The honest truth of the Cortex-M4 DSP instructions is they take quite a bit of planning and work to use properly. ARM doesn't say that in their marketing materials, but unless you want a specific math operation that's already optimized in a library, you have a lot of work to do.

You have to surround them with code that brings pairs of 16 bit samples into 32 bit words. This effectively doubles the register storage, and it lets you take advantage of the M4's optimized load and store of successive 32 bit words, and reduced looping overhead. Some of the operations are very convenient too, like multiplying 16 * 32 bits for a 48 bit result, and then discarding the low 16 bits, which consumes only a single 32 bit register for the output.

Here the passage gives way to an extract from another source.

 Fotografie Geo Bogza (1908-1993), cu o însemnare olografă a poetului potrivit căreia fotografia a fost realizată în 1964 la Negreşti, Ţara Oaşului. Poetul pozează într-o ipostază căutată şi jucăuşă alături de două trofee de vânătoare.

Optimizing code with these instructions is all about planning how many registers will hold inputs and output and other stuff. It's very low-level stuff requiring quite a lot of thinking about registers and clock cycles. You can get quite a bit of speedup this way, but it's not simple or easy. It's quite a lot of work to optimize code. Many parts of the library are written to leverage these instructions. The FIR filter and FFT from ARM's math lib use them, and I used them in many places in the library like the biquad filter, noise generators, state variable filter, mixer, etc.

There's no simple and easy way to automatically use the DSP instructions. It's always involves lot of careful planning and optimization work.
 
The truth is, for most projects the Teensy/Audio will be used for, there is more than enough CPU time without further optimisation. I haven't even considered clocking the Teensy up yet but it will do almost double what it runs at by default.

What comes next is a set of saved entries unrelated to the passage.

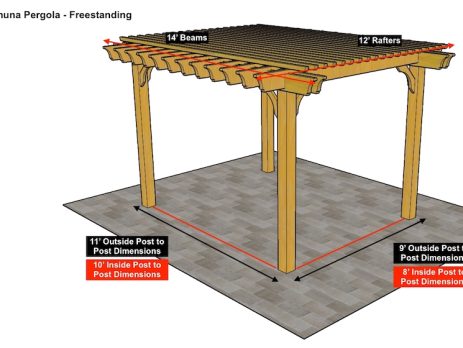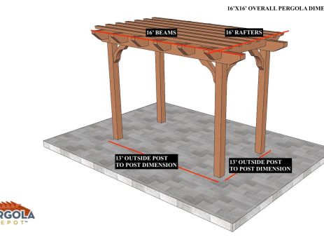 15'X13' OVERALL PERGOLA DIMENSION 12'X10' OUTSIDE POST TO POST DIMENSION Pergola Depot custom pergola kit. This kit includes standard shipping, installation instructions, and the following pergola components: 6x6 posts 2x6 mortised rafters 2x6 double beams 6x6 posts 2x2 top slats 2x6 angle braces 2×6 ledger board (for attached pergola kits only) Stainless steel hardware Optional post mounting hardware (ABU66RZ or ABU66Z) Optional post base trim Important notes: - Upon delivery (2) or more adults are required to inspect and unload the kit piece by piece from the back of the truck. This will take approximately 15-30 minutes for kits up to 20x20. DO NOT unload the kit using a forklift. - Pine Kits: Pressure Treated Pine must be assembled first and allowed to dry 3-4 months before staining or painting. DO NOT stain, seal, or...
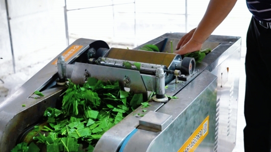 李中華走到切桑機(jī)旁,按下啟動(dòng)鍵,他和工人一起把桑葉倒入進(jìn)料口,隨著刀片上下擺動(dòng),傳送帶上的桑葉細(xì)細(xì)碎碎落進(jìn)下方的籃筐。李中華說(shuō),如果沒有切桑機(jī),用菜刀切桑葉的話,速度很慢。一臺(tái)切桑機(jī)切八九百斤桑葉,只需要半小時(shí)。
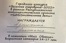 Сегодня проходил городской конкурс "Весенее очарование - 2022" в рамках Республиканского антинаркотического проекта "SаMоSстоятельные дети". В нем принимала участие ученица 9В класса нашей школы Артюхина Анастасия. Насте удалось продемонстрировать свои таланты, навыки, умения и качества. По итогам ей удалось получить диплом в номинации "Мисс Обаяние" в возрастной категории 14-17 лет. Поздравляем Анастасию и желаем не останавливаться на достигнутом!
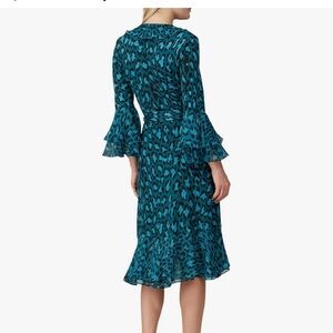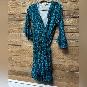 Gorgeous Diane von Furstenberg “Carli” dress in a bold blue and black animal print. Features a flattering wrap silhouette, ruffled trim, and tiered bell sleeves. This pre-loved piece was originally available through Rent the Runway and still has plenty of life left. Perfect for events, date nights, or dressing up your everyday look.
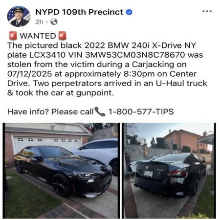 The NYPD is in Clintonville Street reporting a carjacking incident. Police say two suspects, males, blacks followed a BMW and stopped the driver by 12th Road. Then one of the suspect displayed a weapon and pushed out the victim and passenger from the vehicle. The suspect took off with the vehicle toward the Cross Island Parkway northbound.

The mixers are extremely well implemented, I was most impressed during my testing, at how many samples can be mixed in realtime from sketch, and how little it impacts the CPU consumption. This leaves plenty of headroom for the other non-optimised functions;

Most projects will work just fine, guitar pedals, mini synths (yet to be tested, but I would guess even 8 note polyphony is not out of reach), drum machines, DJ machines, loopers, voice changers, FX boxes, all of this is highly unlikely to reach the limits of the CPU. IT's only when you try and push the hardware further than it is intended to go (and push you should!) where you'll start hitting hard limits from the kit.

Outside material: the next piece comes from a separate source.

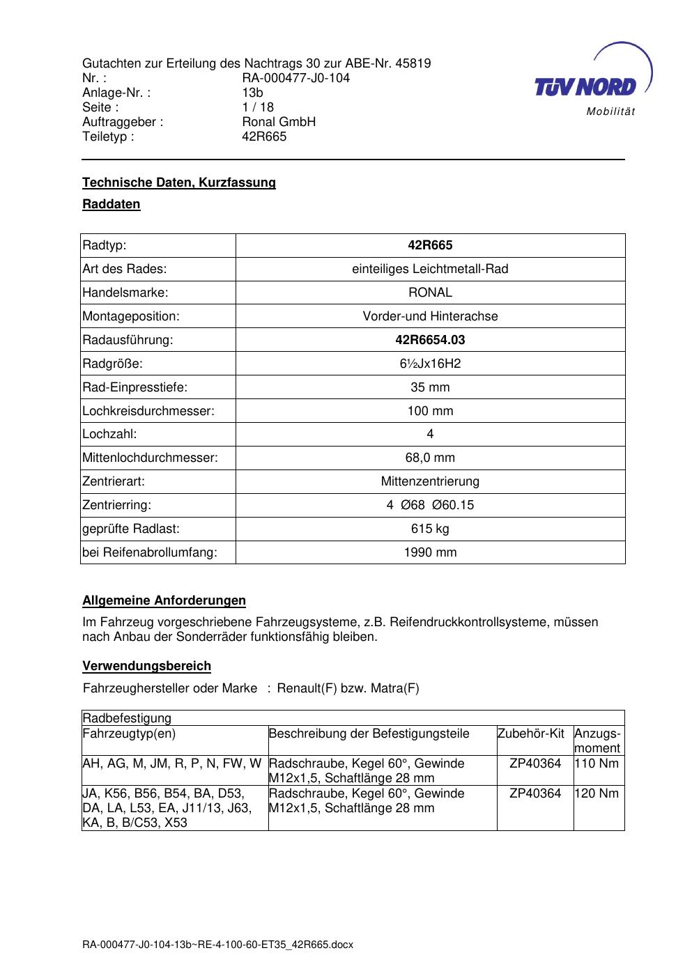 Diese Allgemeine Betriebserlaubnis (ABE) bezieht sich auf die Felge Ronal 42R665 in der Ausführung ET0 mit der KBA 45819. Eine ABE ist eine bauartspezifische Genehmigung, die der Hersteller beim Kraftfahrt-Bundesamt (KBA) erwirkt hat. Sie erlaubt die Verwendung der Felge an den im Dokument genannten Fahrzeugen ohne zusätzliche Einzelabnahme, solange sämtliche im Gutachten aufgeführten Auflagen eingehalten werden.

SDCard access is always going to be the biggest issue but again, not a problem for simple projects. This is the very next thing on my list, I'm doing a breakdown of how many WAVs can be streamed from the SDcard in unison, in each of the formats supported. As far as I can tell from the code, I can use 16bit WAVs, at 44100, or 22050 khz in both mono and stereo flavours, I've made the files up - and their on the SDCard just need to try opening them up now. An evenings fiddling with an excel file, might reveal up to 4 or 5 16bit 22khz mono files can be played simultaneously, mixed, with effects and envelopes. Considering Roland used to release professional audio products with 4 voice polyphony which used 6 and 9bit bitdepths, this is enough to make some really amazing projects, which sound great.

I think this is a testament to Pauls optimisations within the core functions - it's also nice to know that there is room for improvement in a lot of other areas. My approach at the moment is to provide the functionality, optimisation can be done at a later stage, if it is ever found to be necessary.
 
I am wondering if a somewhat small modification to the SD playRaw .cpp could allow for pitched playback? Or at least reverse/half speed/double speed playback. It appears to me that the update function in the library has a variable "n" which is set to the number of bytes returned by the SD read, and is incrementing through the file_offset, could this be a matter of just adding an if(mode=reverse) that switches to decrementing -= to do reverse, or could /2 or *2 the "n" variable that is driving the offset movement? For that matter, could "n" just be multiplied by a signed float to drive its speed/direction of advance through the SD file?

Code:
void AudioPlaySdRaw::update(void)
{
	unsigned int i, n;
	audio_block_t *block;

	// only update if we're playing
	if (!playing) return;

	// allocate the audio blocks to transmit
	block = allocate();
	if (block == NULL) return;

	if (rawfile.available()) {
		// we can read more data from the file...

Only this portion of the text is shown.